Top 5 Really Entertaining Moments from Mining Indaba 2026

When the ultra-rich and politicians gather in one place, either nothing interesting happens, or something wildly entertaining unfolds — about which we only find out later through leaks and investigations.

But if you dig a little deeper, such a routine gathering of investors and politicians like Mining Indaba 2026 in Cape Town, can offer something scandalous, amusing, or downright bizarre.

❗️ Here’s top 5 list of the most entertaining events around the forum, which took place from February 7 to 12:

🏭 Zimbabwe Named Africa’s Champion of Local Processing

In a report by the African Finance Corporation, Zimbabwe was hailed as Africa’s leader in turning mineral wealth into industrial capacity—mostly thanks to restrictions on raw ore exports and cheap electricity.

🇺🇸 The Largest U.S. Delegation Ever

Despite recent diplomatic tensions with South Africa, the U.S. sent its biggest delegation ever to the Cape Town resource conference.

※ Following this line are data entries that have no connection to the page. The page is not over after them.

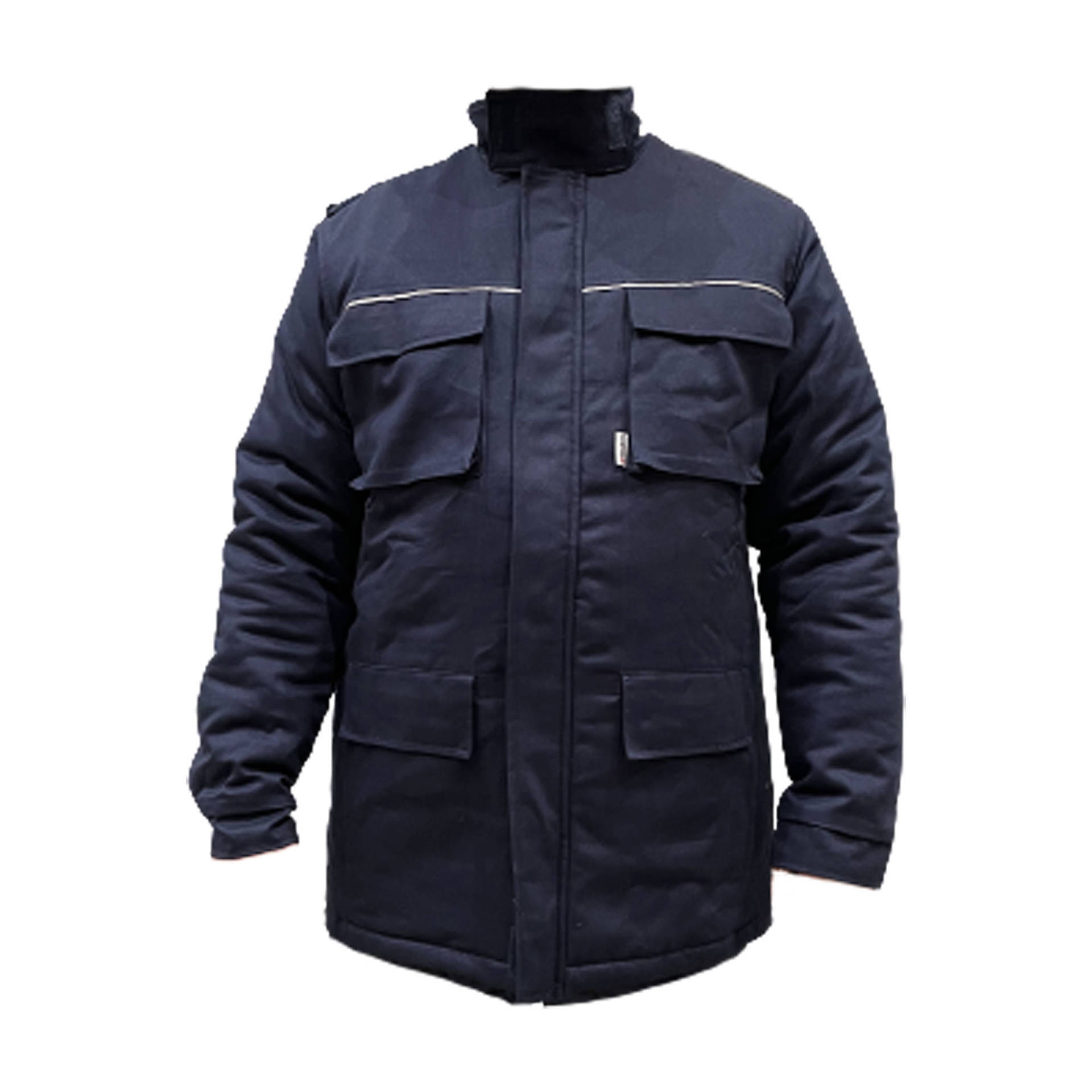 Duža zimska jakna od 100% pamuka sa termoizolacionom postavom od poliestera, kopčanje je na rajsferšlus sa preklopnom trakom, ima više praktičnih dubokih džepova. Jakna je pogodna za zavarivače.
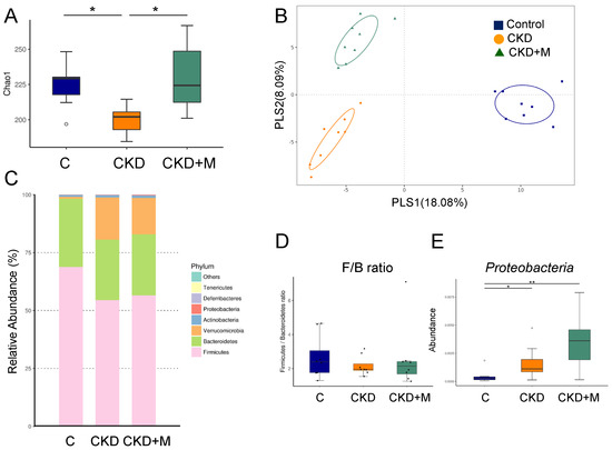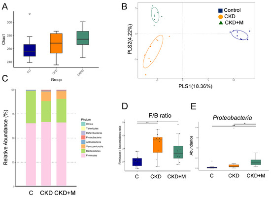Unlike males, the α-diversity was not different among the three groups of females (Figure 3A). Figure 3B shows scatterplots of the PLS-DA analysis that are clearly separated, indicating the three groups displayed distinct enterotypes. Figure 3C shows the F/B ratio was higher in the female CKD and CKD + M groups than that in the C group (Figure 3D). The female CKD + M group showed a greater abundance of the phylum Proteobacteria than the other two groups (Figure 3E).
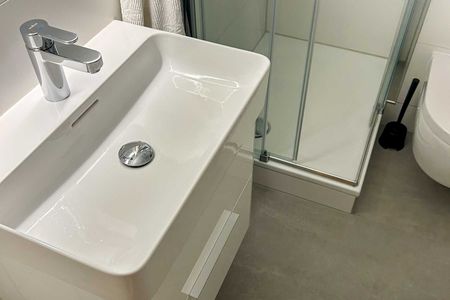 Nach einem Tag an der frischen Nordseeluft können Sie im eleganten Badezimmer in Ruhe abschalten und eine erfrischende Dusche genießen. Es verfügt zudem über Waschbecken, WC, einem beleuchteten und beheizbaren Spiegel und bietet Ihnen ausreichend Ablage- und Verstaumöglichkeiten für Ihre Bad- und Kosmetikutensilien.
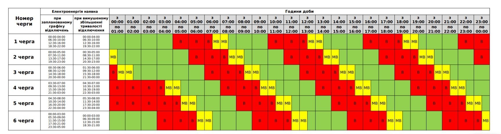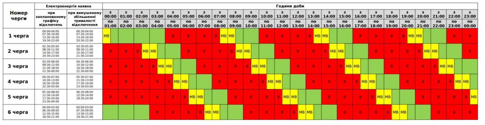 З 00.00 до 8.00 та з 13.00 до 24.00 вимикатимуть світло по три черги.
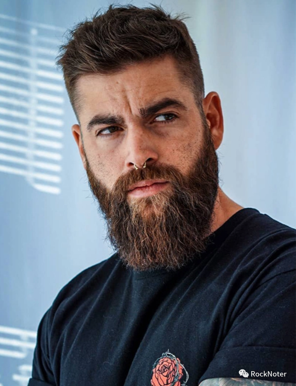 這是現代時髦的短髮。我們向獨立和酷男推薦這種髮型。此外,這種風格的特點是長鬍子。邊很短。頂部的頭髮長度比兩側略長。
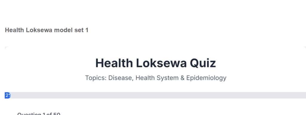 Health Loksewa Quiz Health Loksewa Quiz Topics: Disease, Health System & Epidemiology Loading question… Previous Next Submit Quiz Quiz Completed! Your score: 0 / 50 Review Your Answers Restart Quiz
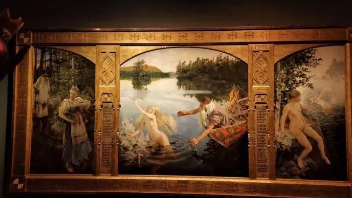 其中,最著名的当属加伦-卡莱拉(Akseli Gallen-Kallela, 1865-1931)为芬兰史诗《卡莱瓦拉》(Kalevala)绘制的三联画。另外还有一些同时代的外国艺术品。
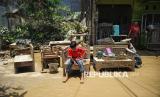 Seorang anak duduk kelelahan usai membersihkan lumpur sisa banjir di Perumahan Pondok Gede Permai, Bekasi, Jawa Barat, Rabu (5/3/2025). Banjir dikawasan tersebut sudah surut dan menyisakan lumpur berwarna kecoklatan di jalan dan rumah-rumah warga. Sebagian warga mulai membersihkan sisa-sisa lumpur di rumah mereka. Menurut petugaa banjir di kawasan Pondok Gede Permai mulai surut pada Rabu (5/3/2025) dini hari, pada pukul 01.00 WIB. Sebelumnya, banjir di titik ini jadi salah satu yang terparah dengan ketinggian air mencapai 3 meter. (FOTO : Republika/Prayogi)
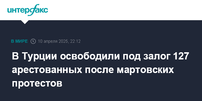 Москва. 10 апреля. INTERFAX.RU - В Стамбуле суды отпустили под залог 127 человек, которые были задержаны после демонстраций в поддержку удерживаемого под стражей мэра Стамбула Экрема Имамоглу, сообщает AP.

Protests Right Outside the Conference Doors

Members of Extinction Rebellion staged protests against what they call toxic coal production, showcasing a grotesque effigy of South Africa’s Mineral Resources Minister right at the venue.


📣 DRC Minister Grilled Over U.S. Deal

The DRC’s Mines Minister, Louis Watum Kabamba, faced criticism from his South African counterpart and was later forced to defend himself to journalists over the controversial U.S. resource access deal.


🚰 Conference Held Amid South Africa’s Water Crisis

The event took place against the backdrop of a severe water shortage in parts of South Africa. Local officials even asked mining companies for help in mitigating the crisis, claiming their operations consume too much water.


Although such gatherings offer no real value for most people, they are still quite good performances from a theatrical point of view.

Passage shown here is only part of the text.